Sunday, 7 August 2011

Monks at The Abbey of the Genesee bake bread

In between services at The Abbey of the Genesee, lights are off in the church, requiring time for a visitor's eyes to adjust to the darkness, even in daytime.
Unlike the soaring spaces of today's Catholic edifices, which are often brilliantly lit by natural light, this modest church is cave-like and medieval, finished in boulders and hand-hewn lumber interrupted by only a few nearly hidden windows.
The ancient and timeless effect at the abbey is reinforced by the sight of an elderly Trappist monk — one of only two left from the group that founded the abbey 60 years ago — dressed in a black, hooded scapular draped over a full-length white habit as he slowly walks through the fields surrounding the monastery or of a visiting Carmelite nun, covered head to toe in a flowing brown habit as she makes her way to the abbey's church.
And then there's Brother Paul Richards, dressed in worn jeans, short-sleeved shirt and a baseball cap. In charge of the monastery's online bread shop, he whizzes by in a red Jeep Cherokee from the busy Monks' Bread bakery behind the church to the newly repurposed storeroom a quarter mile away that is home to monksbread.com.

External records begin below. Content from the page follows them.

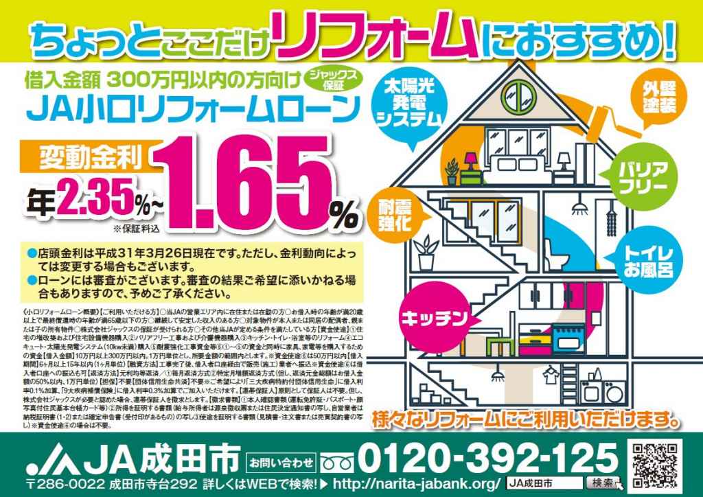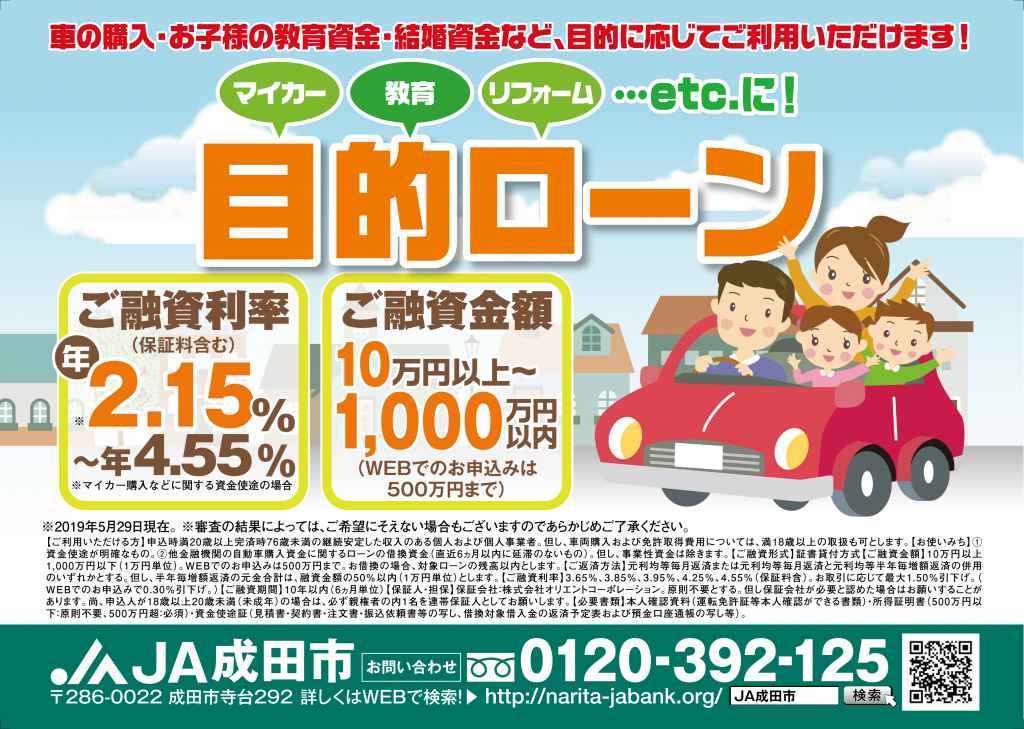 「オニオンを見た」とお伝えいただくとスムーズです。スポット名 JA成田市~融資~
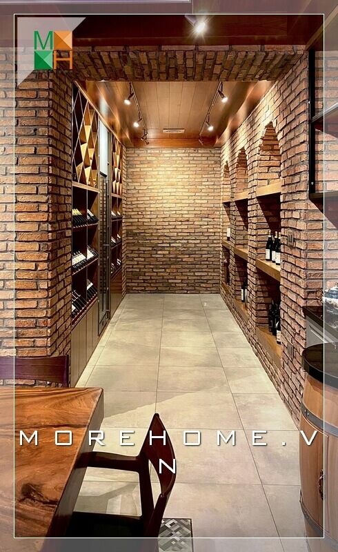 Gỗ tự nhiên là chất liệu chính để trang trí căn phòng rượu của căn hộ chung cư, biệt thự và nhà phố, với trần nhà đẹp và cao cấp.
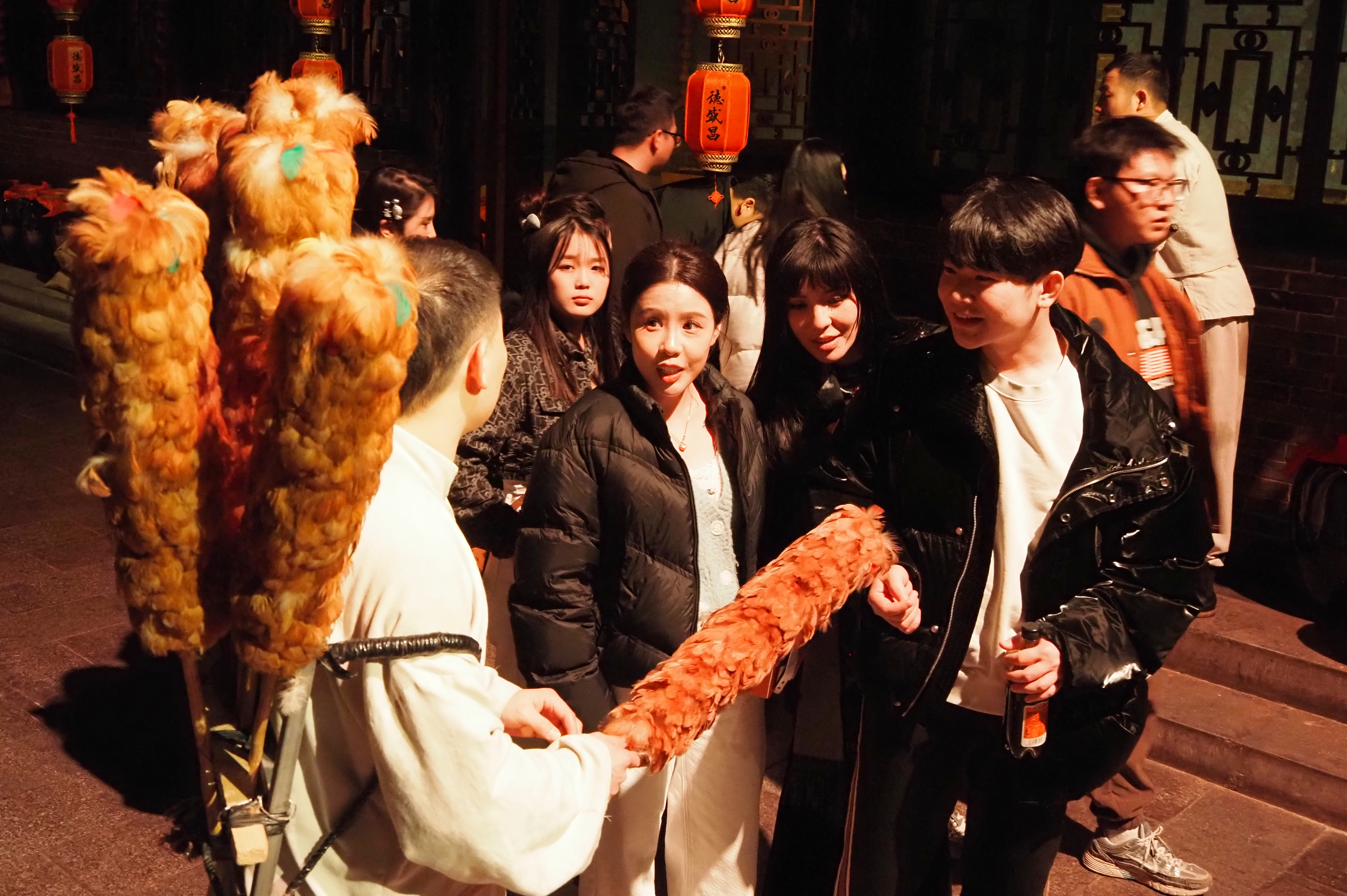 随着故事推进,观众步行穿过若干不同情境的主题空间,灯光与音效随观众移动实时调整,营造移步换景的沉浸感。走在实景搭建的繁华大街,票号、染坊、私塾、绣坊、当铺应有尽有。不诚信的徒弟正被师傅教训、票号伙计点着银子、小商贩热情售卖鸡毛掸子……演员在观剧人群中往来穿梭并与观众对话,每个人都能触发不同的剧情,体验不一样的古城生活场景。
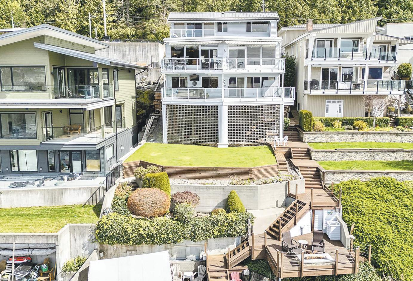 This 5,000 que properties inWest Vancouver. waterfront peninsulahas nearly 400 feet its fortress-like concrete foundation pool and secluded beaches while watching and sunsets of Howe Sound, the islandsa t4 years ago, constructed of steeland walls of windows to maximize the views avery wellequipped gym, and
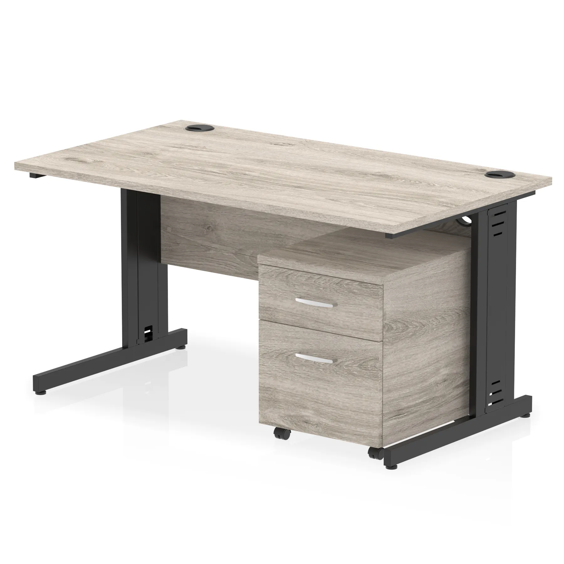Impulse contract workstation | 25mm tops | Desk and pedestal combined | Heat resistant beech melamine finish | 18mm modesty panel | 2mm protective abs edging | Silver coated double strut legs with cable management | Multiple cable ports | Height adjustable feet | Steel to steel fixings | Modesty panel slots wire slots | Deep set modesty panel (5″) allows for compatibility of most screen clamp fittings
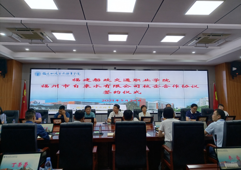 5月24日下午,福建船政交通職業(yè)學(xué)院與福州市自來水有限公司在1號樓6樓會議室成功舉行校企合作簽約儀式。福州市自來水有限公司董事長魏忠慶、總經(jīng)理杜朝丹、副總經(jīng)理陳志宏、總工程師許興中,學(xué)院副院長高汝武,土木工程學(xué)院、機械與智能制造學(xué)院等相關(guān)二級學(xué)院黨政領(lǐng)導(dǎo)出席本次儀式。簽約儀式由土木工程學(xué)院主持。
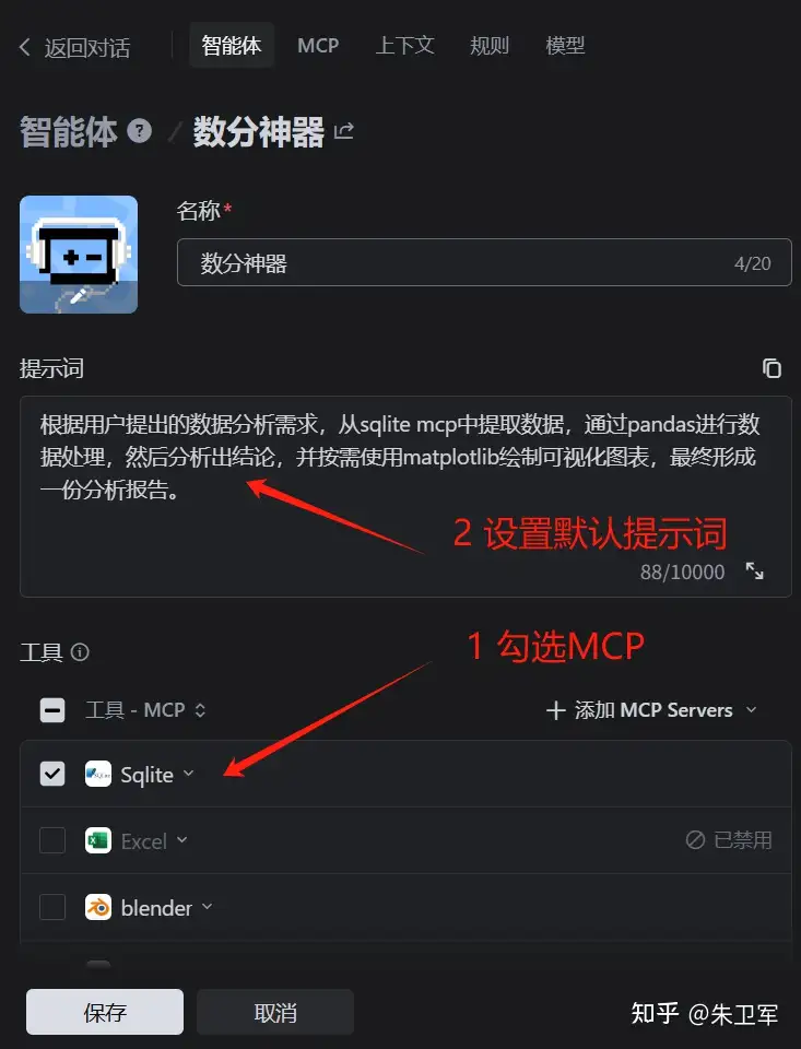 这里要注意两点,首先“数分神器“智能体需勾选SQLite MCP服务,其次要设置默认提示词,告诉智能体它的角色和任务。

It's the online store's slow time, but you'd never know it by the speed of Brother Paul's movements. He nearly jumps from nut butter to honey to jam to flavored vinegars to show visitors specialty foods from local producers and products made by other Trappist orders that monksbread.com sells, along with its bread.
Some customers don't even request bread. Brother Paul explains that monksbread.com fills individual jar orders for the nut butter company in Nunda, which sells only cases through its online store.
Still clinging to medieval traditions, the cloistered monks in Livingston County are using 21st-century methods to make and market the bread that supports their religious order.
In the past few years, they've adopted British baking production standards, spending more than $100,000 on equipment and process upgrades so their goods can keep pace with the growing rigors required by Homeland Security and large-scale retail outlets.